### What the task requires
The entire listing below must be written out word for word.

### Data

^^^^

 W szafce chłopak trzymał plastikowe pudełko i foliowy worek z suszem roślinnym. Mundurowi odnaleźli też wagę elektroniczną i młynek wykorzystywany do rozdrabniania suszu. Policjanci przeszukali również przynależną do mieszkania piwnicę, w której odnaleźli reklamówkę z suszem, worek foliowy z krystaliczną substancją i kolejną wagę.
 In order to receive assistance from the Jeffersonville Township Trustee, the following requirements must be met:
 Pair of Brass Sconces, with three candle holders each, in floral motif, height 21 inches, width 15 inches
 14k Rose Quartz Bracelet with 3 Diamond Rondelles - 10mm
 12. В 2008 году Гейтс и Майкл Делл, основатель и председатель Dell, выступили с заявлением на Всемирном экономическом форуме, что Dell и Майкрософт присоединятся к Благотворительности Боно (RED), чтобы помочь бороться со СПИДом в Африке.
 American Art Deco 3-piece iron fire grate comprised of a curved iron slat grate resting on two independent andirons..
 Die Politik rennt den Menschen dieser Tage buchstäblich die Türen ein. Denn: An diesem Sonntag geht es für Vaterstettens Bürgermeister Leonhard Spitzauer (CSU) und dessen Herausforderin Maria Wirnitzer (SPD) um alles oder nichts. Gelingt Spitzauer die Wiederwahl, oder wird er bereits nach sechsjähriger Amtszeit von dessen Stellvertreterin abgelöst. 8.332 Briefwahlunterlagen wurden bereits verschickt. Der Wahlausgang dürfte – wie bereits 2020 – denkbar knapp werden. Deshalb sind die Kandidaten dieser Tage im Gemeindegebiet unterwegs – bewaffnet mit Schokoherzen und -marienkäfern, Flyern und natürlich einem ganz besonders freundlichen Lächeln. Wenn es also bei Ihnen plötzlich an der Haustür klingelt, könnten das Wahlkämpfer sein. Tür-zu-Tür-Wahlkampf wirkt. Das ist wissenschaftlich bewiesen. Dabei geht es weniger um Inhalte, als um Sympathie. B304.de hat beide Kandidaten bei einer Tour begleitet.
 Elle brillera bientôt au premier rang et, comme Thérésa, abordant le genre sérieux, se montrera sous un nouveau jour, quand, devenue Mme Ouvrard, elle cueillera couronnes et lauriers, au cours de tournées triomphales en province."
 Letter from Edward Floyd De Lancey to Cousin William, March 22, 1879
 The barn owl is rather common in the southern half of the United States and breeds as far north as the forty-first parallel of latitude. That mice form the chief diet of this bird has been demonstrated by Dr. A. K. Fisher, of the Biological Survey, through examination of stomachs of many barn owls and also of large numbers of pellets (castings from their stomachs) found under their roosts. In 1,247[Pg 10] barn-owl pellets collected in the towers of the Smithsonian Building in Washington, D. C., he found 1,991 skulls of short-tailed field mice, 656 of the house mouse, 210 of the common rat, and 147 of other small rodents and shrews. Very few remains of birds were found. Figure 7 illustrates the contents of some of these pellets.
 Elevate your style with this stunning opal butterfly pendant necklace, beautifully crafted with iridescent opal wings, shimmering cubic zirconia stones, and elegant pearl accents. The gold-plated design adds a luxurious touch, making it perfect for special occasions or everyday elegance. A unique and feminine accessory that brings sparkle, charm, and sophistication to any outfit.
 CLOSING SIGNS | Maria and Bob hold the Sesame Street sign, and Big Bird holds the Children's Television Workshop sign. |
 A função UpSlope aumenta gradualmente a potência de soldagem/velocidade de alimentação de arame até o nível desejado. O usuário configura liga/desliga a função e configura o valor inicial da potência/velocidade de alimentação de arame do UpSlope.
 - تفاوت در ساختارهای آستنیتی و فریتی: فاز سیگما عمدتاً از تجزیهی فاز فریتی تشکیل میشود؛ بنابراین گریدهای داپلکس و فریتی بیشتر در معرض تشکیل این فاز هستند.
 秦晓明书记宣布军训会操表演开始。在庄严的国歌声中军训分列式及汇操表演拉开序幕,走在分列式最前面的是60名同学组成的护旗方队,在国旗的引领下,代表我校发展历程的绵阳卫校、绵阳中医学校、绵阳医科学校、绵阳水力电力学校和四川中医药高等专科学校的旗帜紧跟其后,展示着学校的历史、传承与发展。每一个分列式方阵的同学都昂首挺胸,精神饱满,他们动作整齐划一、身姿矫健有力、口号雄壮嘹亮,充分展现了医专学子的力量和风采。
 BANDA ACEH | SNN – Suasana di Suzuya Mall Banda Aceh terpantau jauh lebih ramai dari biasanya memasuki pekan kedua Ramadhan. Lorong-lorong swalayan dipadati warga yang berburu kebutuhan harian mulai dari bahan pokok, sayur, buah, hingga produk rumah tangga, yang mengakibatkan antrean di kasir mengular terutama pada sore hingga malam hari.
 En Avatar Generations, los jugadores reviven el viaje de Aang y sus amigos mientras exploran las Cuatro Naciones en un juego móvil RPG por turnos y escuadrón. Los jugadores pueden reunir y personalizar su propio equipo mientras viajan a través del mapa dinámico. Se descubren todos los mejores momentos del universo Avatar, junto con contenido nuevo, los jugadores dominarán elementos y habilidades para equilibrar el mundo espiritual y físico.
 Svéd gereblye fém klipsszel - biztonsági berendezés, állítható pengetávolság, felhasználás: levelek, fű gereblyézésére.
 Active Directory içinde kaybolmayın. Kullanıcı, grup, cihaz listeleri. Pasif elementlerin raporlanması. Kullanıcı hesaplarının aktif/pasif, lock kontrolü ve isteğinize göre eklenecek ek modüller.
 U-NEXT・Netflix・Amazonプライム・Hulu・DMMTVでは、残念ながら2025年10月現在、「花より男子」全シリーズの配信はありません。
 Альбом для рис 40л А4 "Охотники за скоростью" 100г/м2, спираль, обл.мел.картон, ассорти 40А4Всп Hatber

^^^^

### Response
 W szafce chłopak trzymał plastikowe pudełko i foliowy worek z suszem roślinnym. Mundurowi odnaleźli też wagę elektroniczną i młynek wykorzystywany do rozdrabniania suszu. Policjanci przeszukali również przynależną do mieszkania piwnicę, w której odnaleźli reklamówkę z suszem, worek foliowy z krystaliczną substancją i kolejną wagę.
 In order to receive assistance from the Jeffersonville Township Trustee, the following requirements must be met:
 Pair of Brass Sconces, with three candle holders each, in floral motif, height 21 inches, width 15 inches
 14k Rose Quartz Bracelet with 3 Diamond Rondelles - 10mm
 12. В 2008 году Гейтс и Майкл Делл, основатель и председатель Dell, выступили с заявлением на Всемирном экономическом форуме, что Dell и Майкрософт присоединятся к Благотворительности Боно (RED), чтобы помочь бороться со СПИДом в Африке.
 American Art Deco 3-piece iron fire grate comprised of a curved iron slat grate resting on two independent andirons..
 Die Politik rennt den Menschen dieser Tage buchstäblich die Türen ein. Denn: An diesem Sonntag geht es für Vaterstettens Bürgermeister Leonhard Spitzauer (CSU) und dessen Herausforderin Maria Wirnitzer (SPD) um alles oder nichts. Gelingt Spitzauer die Wiederwahl, oder wird er bereits nach sechsjähriger Amtszeit von dessen Stellvertreterin abgelöst. 8.332 Briefwahlunterlagen wurden bereits verschickt. Der Wahlausgang dürfte – wie bereits 2020 – denkbar knapp werden. Deshalb sind die Kandidaten dieser Tage im Gemeindegebiet unterwegs – bewaffnet mit Schokoherzen und -marienkäfern, Flyern und natürlich einem ganz besonders freundlichen Lächeln. Wenn es also bei Ihnen plötzlich an der Haustür klingelt, könnten das Wahlkämpfer sein. Tür-zu-Tür-Wahlkampf wirkt. Das ist wissenschaftlich bewiesen. Dabei geht es weniger um Inhalte, als um Sympathie. B304.de hat beide Kandidaten bei einer Tour begleitet.
 Elle brillera bientôt au premier rang et, comme Thérésa, abordant le genre sérieux, se montrera sous un nouveau jour, quand, devenue Mme Ouvrard, elle cueillera couronnes et lauriers, au cours de tournées triomphales en province."
 Letter from Edward Floyd De Lancey to Cousin William, March 22, 1879
 The barn owl is rather common in the southern half of the United States and breeds as far north as the forty-first parallel of latitude. That mice form the chief diet of this bird has been demonstrated by Dr. A. K. Fisher, of the Biological Survey, through examination of stomachs of many barn owls and also of large numbers of pellets (castings from their stomachs) found under their roosts. In 1,247[Pg 10] barn-owl pellets collected in the towers of the Smithsonian Building in Washington, D. C., he found 1,991 skulls of short-tailed field mice, 656 of the house mouse, 210 of the common rat, and 147 of other small rodents and shrews. Very few remains of birds were found. Figure 7 illustrates the contents of some of these pellets.
 Elevate your style with this stunning opal butterfly pendant necklace, beautifully crafted with iridescent opal wings, shimmering cubic zirconia stones, and elegant pearl accents. The gold-plated design adds a luxurious touch, making it perfect for special occasions or everyday elegance. A unique and feminine accessory that brings sparkle, charm, and sophistication to any outfit.
 CLOSING SIGNS | Maria and Bob hold the Sesame Street sign, and Big Bird holds the Children's Television Workshop sign. |
 A função UpSlope aumenta gradualmente a potência de soldagem/velocidade de alimentação de arame até o nível desejado. O usuário configura liga/desliga a função e configura o valor inicial da potência/velocidade de alimentação de arame do UpSlope.
 - تفاوت در ساختارهای آستنیتی و فریتی: فاز سیگما عمدتاً از تجزیهی فاز فریتی تشکیل میشود؛ بنابراین گریدهای داپلکس و فریتی بیشتر در معرض تشکیل این فاز هستند.
 秦晓明书记宣布军训会操表演开始。在庄严的国歌声中军训分列式及汇操表演拉开序幕,走在分列式最前面的是60名同学组成的护旗方队,在国旗的引领下,代表我校发展历程的绵阳卫校、绵阳中医学校、绵阳医科学校、绵阳水力电力学校和四川中医药高等专科学校的旗帜紧跟其后,展示着学校的历史、传承与发展。每一个分列式方阵的同学都昂首挺胸,精神饱满,他们动作整齐划一、身姿矫健有力、口号雄壮嘹亮,充分展现了医专学子的力量和风采。
 BANDA ACEH | SNN – Suasana di Suzuya Mall Banda Aceh terpantau jauh lebih ramai dari biasanya memasuki pekan kedua Ramadhan. Lorong-lorong swalayan dipadati warga yang berburu kebutuhan harian mulai dari bahan pokok, sayur, buah, hingga produk rumah tangga, yang mengakibatkan antrean di kasir mengular terutama pada sore hingga malam hari.
 En Avatar Generations, los jugadores reviven el viaje de Aang y sus amigos mientras exploran las Cuatro Naciones en un juego móvil RPG por turnos y escuadrón. Los jugadores pueden reunir y personalizar su propio equipo mientras viajan a través del mapa dinámico. Se descubren todos los mejores momentos del universo Avatar, junto con contenido nuevo, los jugadores dominarán elementos y habilidades para equilibrar el mundo espiritual y físico.
 Svéd gereblye fém klipsszel - biztonsági berendezés, állítható pengetávolság, felhasználás: levelek, fű gereblyézésére.
 Active Directory içinde kaybolmayın. Kullanıcı, grup, cihaz listeleri. Pasif elementlerin raporlanması. Kullanıcı hesaplarının aktif/pasif, lock kontrolü ve isteğinize göre eklenecek ek modüller.
 U-NEXT・Netflix・Amazonプライム・Hulu・DMMTVでは、残念ながら2025年10月現在、「花より男子」全シリーズの配信はありません。
 Альбом для рис 40л А4 "Охотники за скоростью" 100г/м2, спираль, обл.мел.картон, ассорти 40А4Всп Hatber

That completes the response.